Aim of the task: Give the entries again exactly, every one of them.

::: Information shown

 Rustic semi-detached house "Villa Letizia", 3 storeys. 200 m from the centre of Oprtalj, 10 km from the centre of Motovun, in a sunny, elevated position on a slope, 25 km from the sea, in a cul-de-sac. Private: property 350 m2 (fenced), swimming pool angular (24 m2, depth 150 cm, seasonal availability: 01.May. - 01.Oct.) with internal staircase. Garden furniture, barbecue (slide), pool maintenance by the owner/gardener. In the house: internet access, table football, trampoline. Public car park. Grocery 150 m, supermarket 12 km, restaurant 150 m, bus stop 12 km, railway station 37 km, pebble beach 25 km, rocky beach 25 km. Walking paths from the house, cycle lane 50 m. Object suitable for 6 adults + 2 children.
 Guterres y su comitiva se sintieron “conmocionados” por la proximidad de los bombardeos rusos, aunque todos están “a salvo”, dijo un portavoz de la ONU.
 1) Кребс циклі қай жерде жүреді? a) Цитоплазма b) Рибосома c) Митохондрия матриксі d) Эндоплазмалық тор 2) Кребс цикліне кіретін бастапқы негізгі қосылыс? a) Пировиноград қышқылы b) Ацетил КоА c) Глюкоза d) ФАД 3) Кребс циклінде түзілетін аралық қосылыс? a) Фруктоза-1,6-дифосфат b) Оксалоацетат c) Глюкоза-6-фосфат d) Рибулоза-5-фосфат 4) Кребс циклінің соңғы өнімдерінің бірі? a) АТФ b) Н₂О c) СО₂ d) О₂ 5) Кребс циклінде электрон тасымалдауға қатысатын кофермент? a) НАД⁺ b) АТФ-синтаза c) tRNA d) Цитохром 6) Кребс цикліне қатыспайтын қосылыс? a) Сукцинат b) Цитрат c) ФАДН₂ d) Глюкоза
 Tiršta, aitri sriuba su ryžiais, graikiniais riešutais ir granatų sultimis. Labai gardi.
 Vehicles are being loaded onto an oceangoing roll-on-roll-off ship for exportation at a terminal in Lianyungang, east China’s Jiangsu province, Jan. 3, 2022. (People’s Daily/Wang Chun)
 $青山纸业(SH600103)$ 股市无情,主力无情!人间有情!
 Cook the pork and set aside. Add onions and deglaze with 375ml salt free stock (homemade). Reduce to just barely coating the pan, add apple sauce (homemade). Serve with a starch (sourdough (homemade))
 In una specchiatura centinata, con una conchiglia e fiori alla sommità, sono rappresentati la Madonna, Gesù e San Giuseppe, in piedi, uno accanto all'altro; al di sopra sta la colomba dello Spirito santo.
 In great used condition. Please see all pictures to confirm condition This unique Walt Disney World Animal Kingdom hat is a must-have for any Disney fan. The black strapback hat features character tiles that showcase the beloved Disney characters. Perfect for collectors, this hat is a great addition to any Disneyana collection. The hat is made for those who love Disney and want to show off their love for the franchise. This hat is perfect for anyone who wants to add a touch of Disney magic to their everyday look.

::::::

Completed exercise:
 Rustic semi-detached house "Villa Letizia", 3 storeys. 200 m from the centre of Oprtalj, 10 km from the centre of Motovun, in a sunny, elevated position on a slope, 25 km from the sea, in a cul-de-sac. Private: property 350 m2 (fenced), swimming pool angular (24 m2, depth 150 cm, seasonal availability: 01.May. - 01.Oct.) with internal staircase. Garden furniture, barbecue (slide), pool maintenance by the owner/gardener. In the house: internet access, table football, trampoline. Public car park. Grocery 150 m, supermarket 12 km, restaurant 150 m, bus stop 12 km, railway station 37 km, pebble beach 25 km, rocky beach 25 km. Walking paths from the house, cycle lane 50 m. Object suitable for 6 adults + 2 children.
 Guterres y su comitiva se sintieron “conmocionados” por la proximidad de los bombardeos rusos, aunque todos están “a salvo”, dijo un portavoz de la ONU.
 1) Кребс циклі қай жерде жүреді? a) Цитоплазма b) Рибосома c) Митохондрия матриксі d) Эндоплазмалық тор 2) Кребс цикліне кіретін бастапқы негізгі қосылыс? a) Пировиноград қышқылы b) Ацетил КоА c) Глюкоза d) ФАД 3) Кребс циклінде түзілетін аралық қосылыс? a) Фруктоза-1,6-дифосфат b) Оксалоацетат c) Глюкоза-6-фосфат d) Рибулоза-5-фосфат 4) Кребс циклінің соңғы өнімдерінің бірі? a) АТФ b) Н₂О c) СО₂ d) О₂ 5) Кребс циклінде электрон тасымалдауға қатысатын кофермент? a) НАД⁺ b) АТФ-синтаза c) tRNA d) Цитохром 6) Кребс цикліне қатыспайтын қосылыс? a) Сукцинат b) Цитрат c) ФАДН₂ d) Глюкоза
 Tiršta, aitri sriuba su ryžiais, graikiniais riešutais ir granatų sultimis. Labai gardi.
 Vehicles are being loaded onto an oceangoing roll-on-roll-off ship for exportation at a terminal in Lianyungang, east China’s Jiangsu province, Jan. 3, 2022. (People’s Daily/Wang Chun)
 $青山纸业(SH600103)$ 股市无情,主力无情!人间有情!
 Cook the pork and set aside. Add onions and deglaze with 375ml salt free stock (homemade). Reduce to just barely coating the pan, add apple sauce (homemade). Serve with a starch (sourdough (homemade))
 In una specchiatura centinata, con una conchiglia e fiori alla sommità, sono rappresentati la Madonna, Gesù e San Giuseppe, in piedi, uno accanto all'altro; al di sopra sta la colomba dello Spirito santo.
 In great used condition. Please see all pictures to confirm condition This unique Walt Disney World Animal Kingdom hat is a must-have for any Disney fan. The black strapback hat features character tiles that showcase the beloved Disney characters. Perfect for collectors, this hat is a great addition to any Disneyana collection. The hat is made for those who love Disney and want to show off their love for the franchise. This hat is perfect for anyone who wants to add a touch of Disney magic to their everyday look.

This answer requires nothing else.